• [Your assignment] Output the data below exactly, without images.

━━━━━ Dataset extract ━━━━━

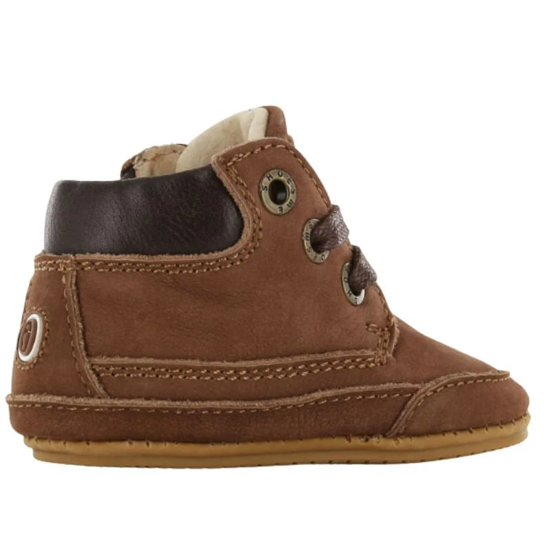 Cognac schoen Baby Proof van Shoesme. De schoentjes zijn licht en beschikken over een extreem flexibele zool met antislip voor een optimale voetontwikkeling. De schoen heeft bruin leer met donkerbruine details en vetertjes als sluiting. Het lichtgewicht geeft het schoentje extra comfort en gemak. Het schoentje is ook nog makkelijk te combineren met elk kledingstuk.
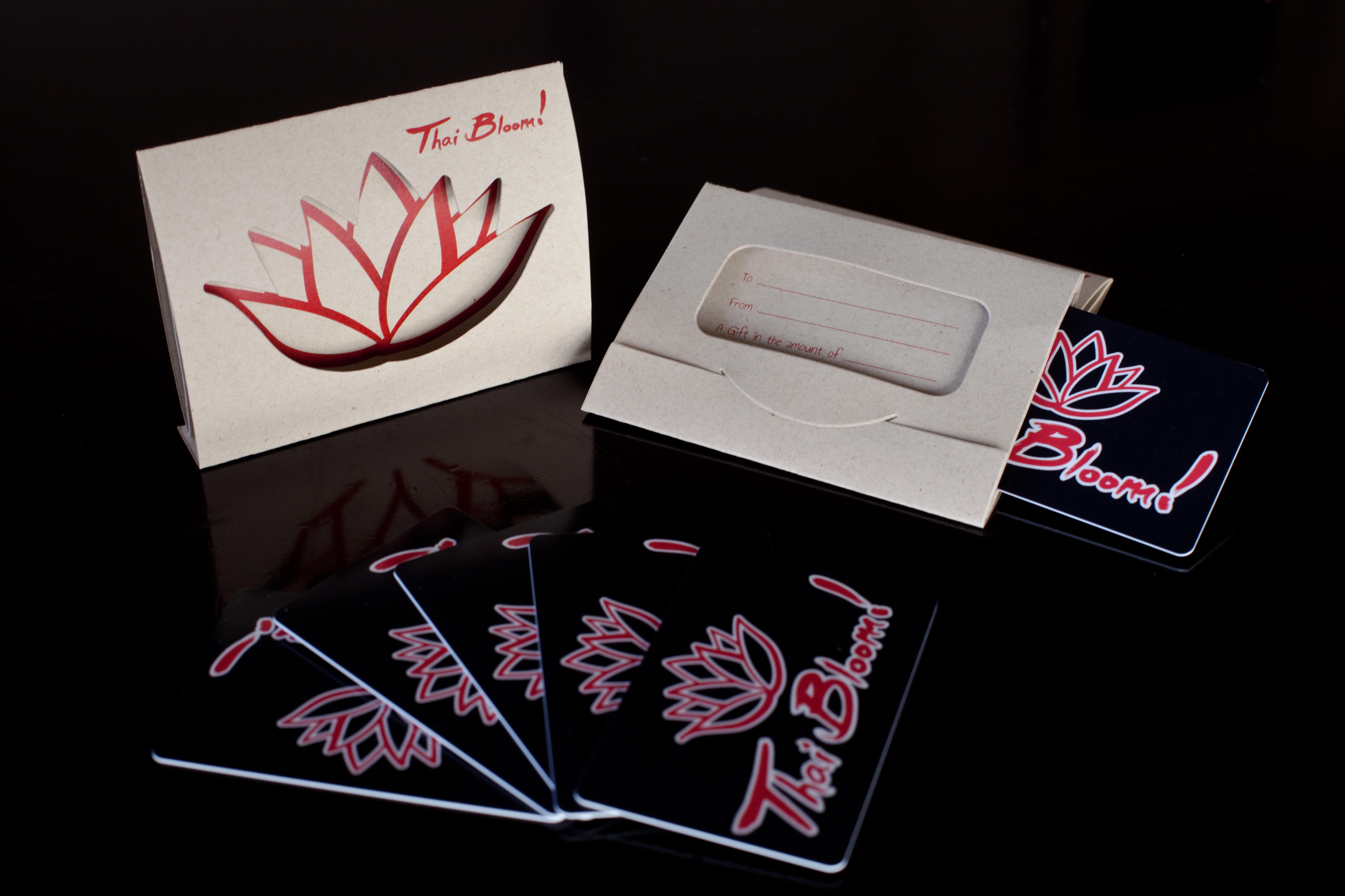 Give the gift of Thai Bloom! Choose a value from 25-500$ and we will send a gift card to the address that you provide. Thai Bloom! gift cards are rechargeable and can be used at any of our locations.
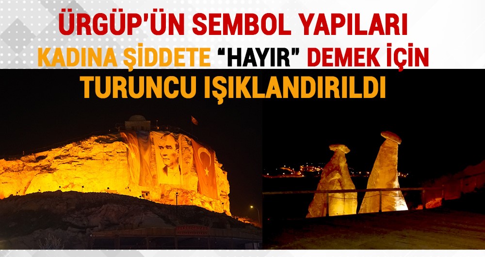 Ürgüp’ün sembol yapıları kadına şiddete ‘Hayır’ demek için turuncu ışıklandırıldı
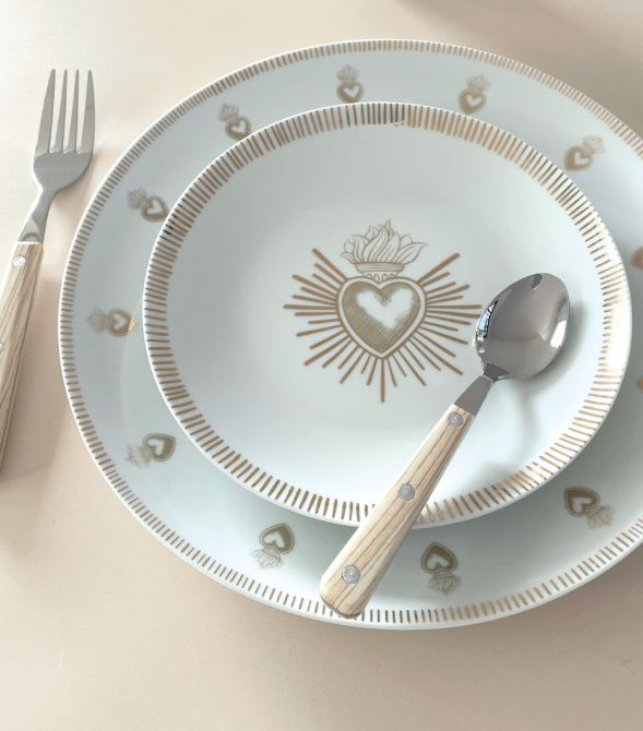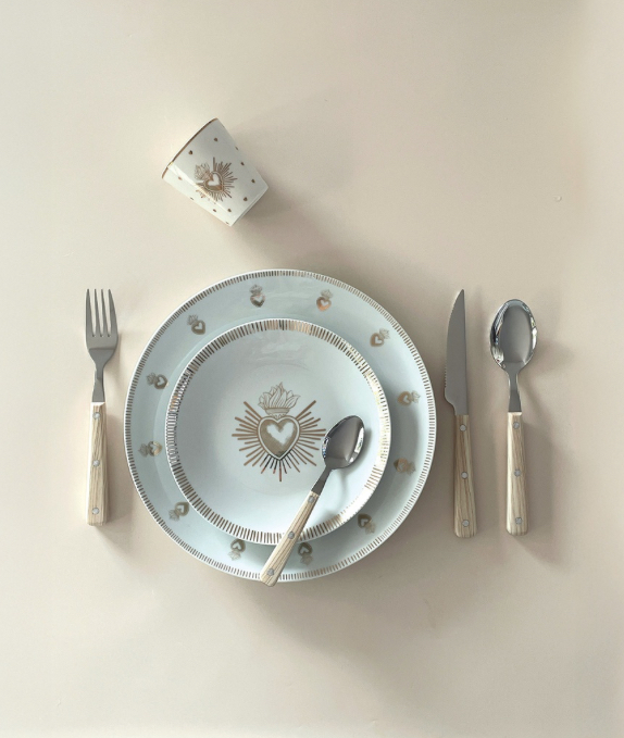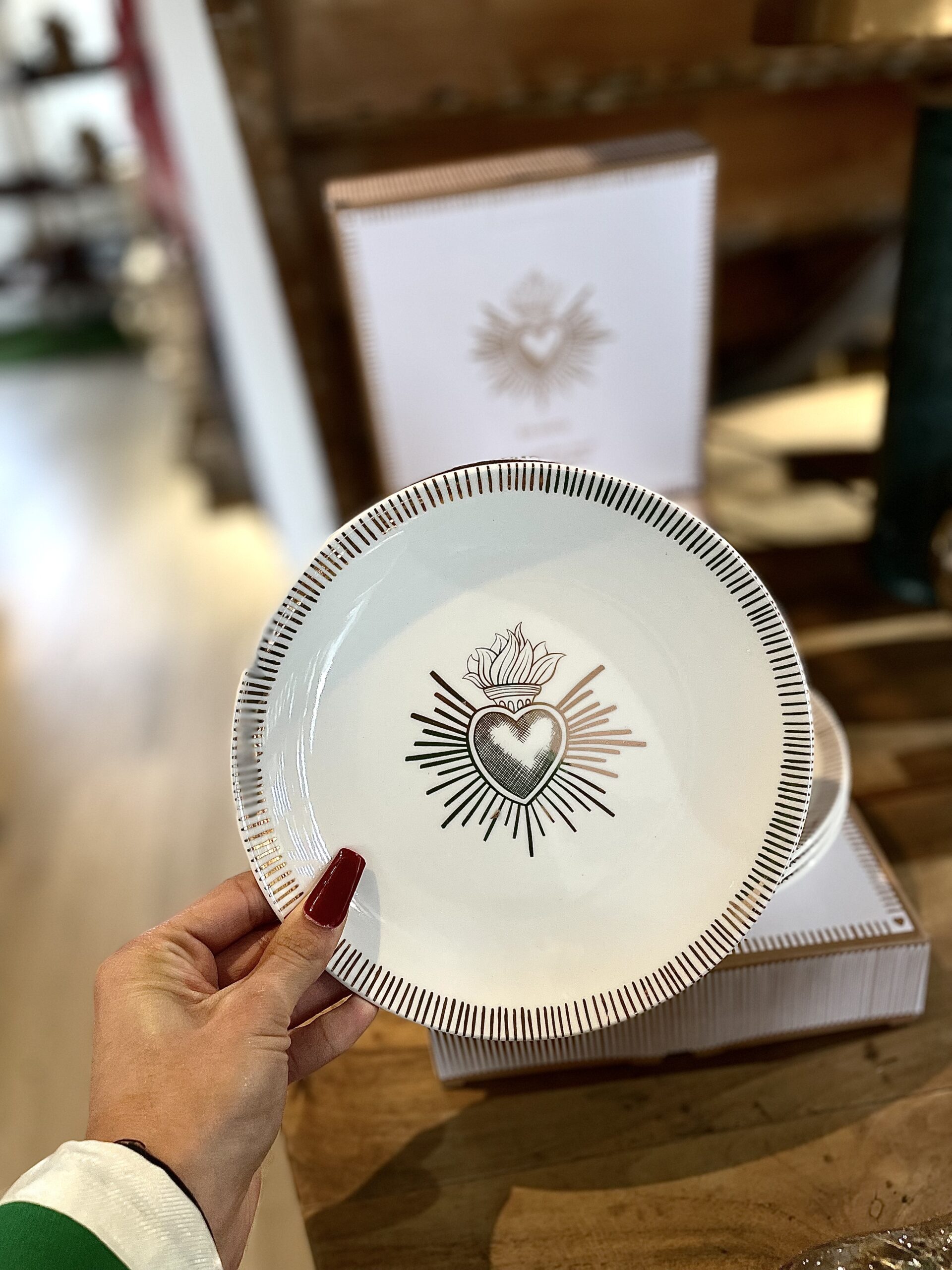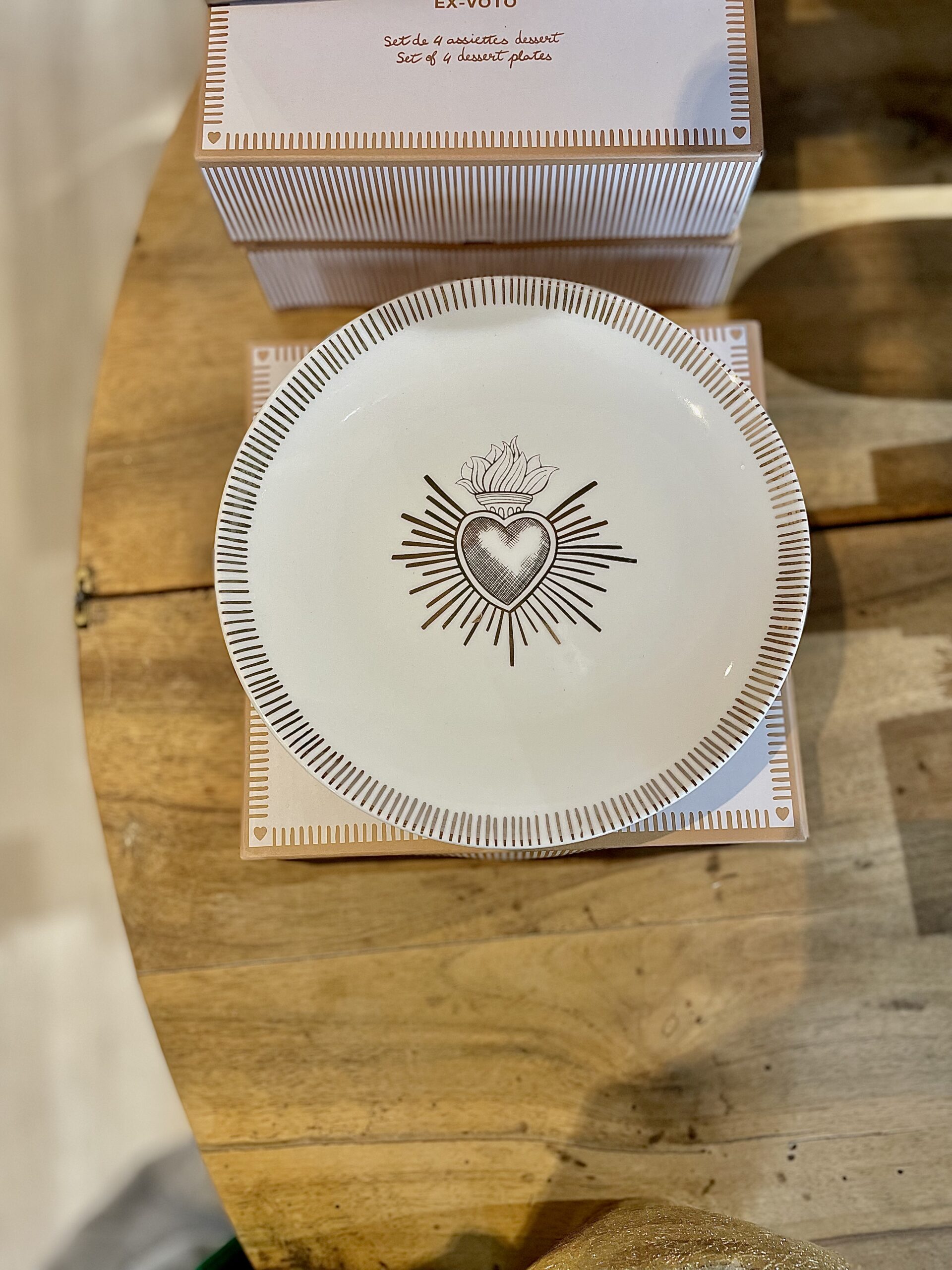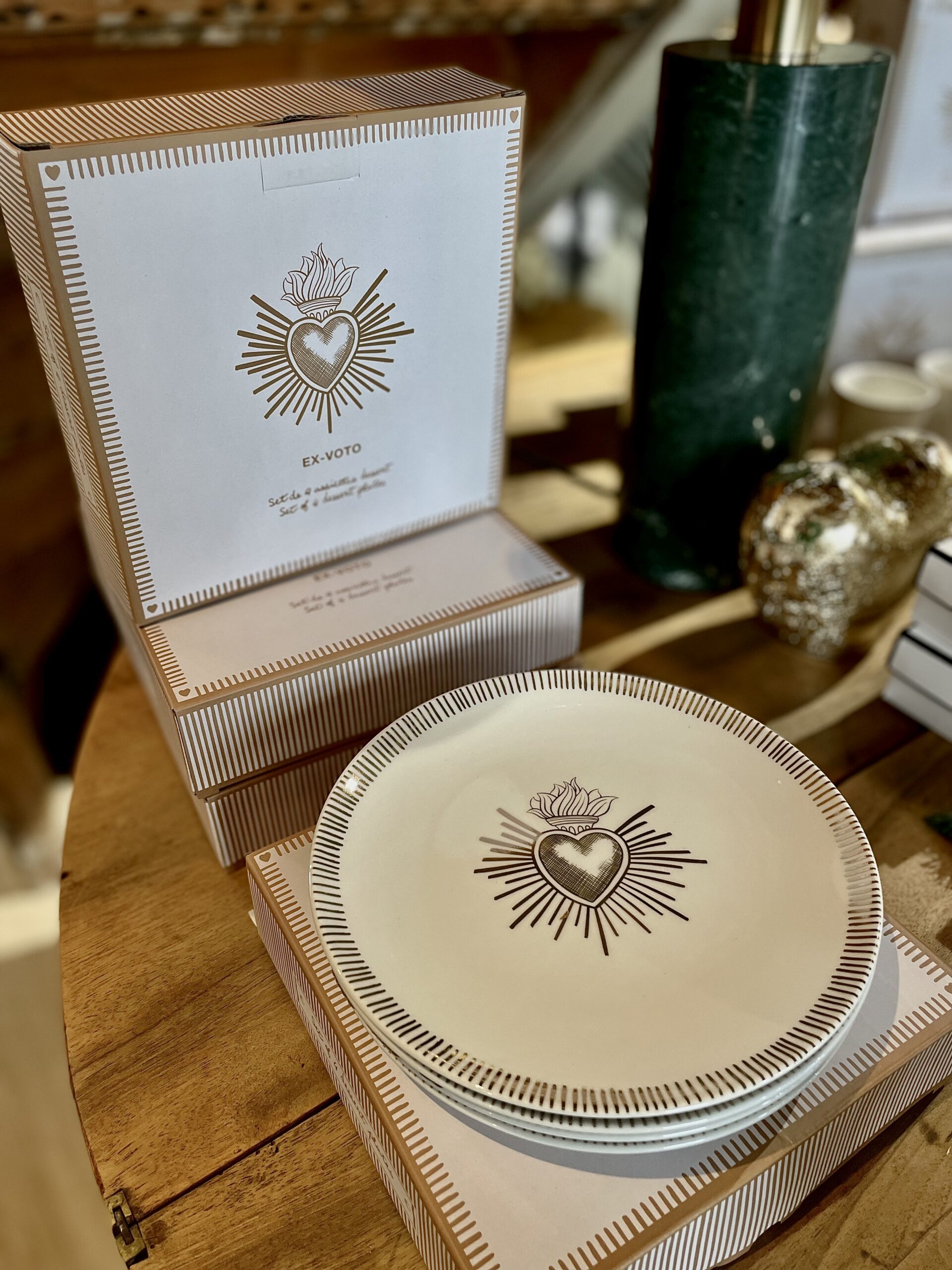 Ce lot de 4 assiettes ex-voto en céramique blanche est sublimé par de délicats motifs dorés inspirés de l’iconographie sacrée.

━━━━━

• [Written response]
 Cognac schoen Baby Proof van Shoesme. De schoentjes zijn licht en beschikken over een extreem flexibele zool met antislip voor een optimale voetontwikkeling. De schoen heeft bruin leer met donkerbruine details en vetertjes als sluiting. Het lichtgewicht geeft het schoentje extra comfort en gemak. Het schoentje is ook nog makkelijk te combineren met elk kledingstuk.
 Give the gift of Thai Bloom! Choose a value from 25-500$ and we will send a gift card to the address that you provide. Thai Bloom! gift cards are rechargeable and can be used at any of our locations.
 Ürgüp’ün sembol yapıları kadına şiddete ‘Hayır’ demek için turuncu ışıklandırıldı
 Ce lot de 4 assiettes ex-voto en céramique blanche est sublimé par de délicats motifs dorés inspirés de l’iconographie sacrée.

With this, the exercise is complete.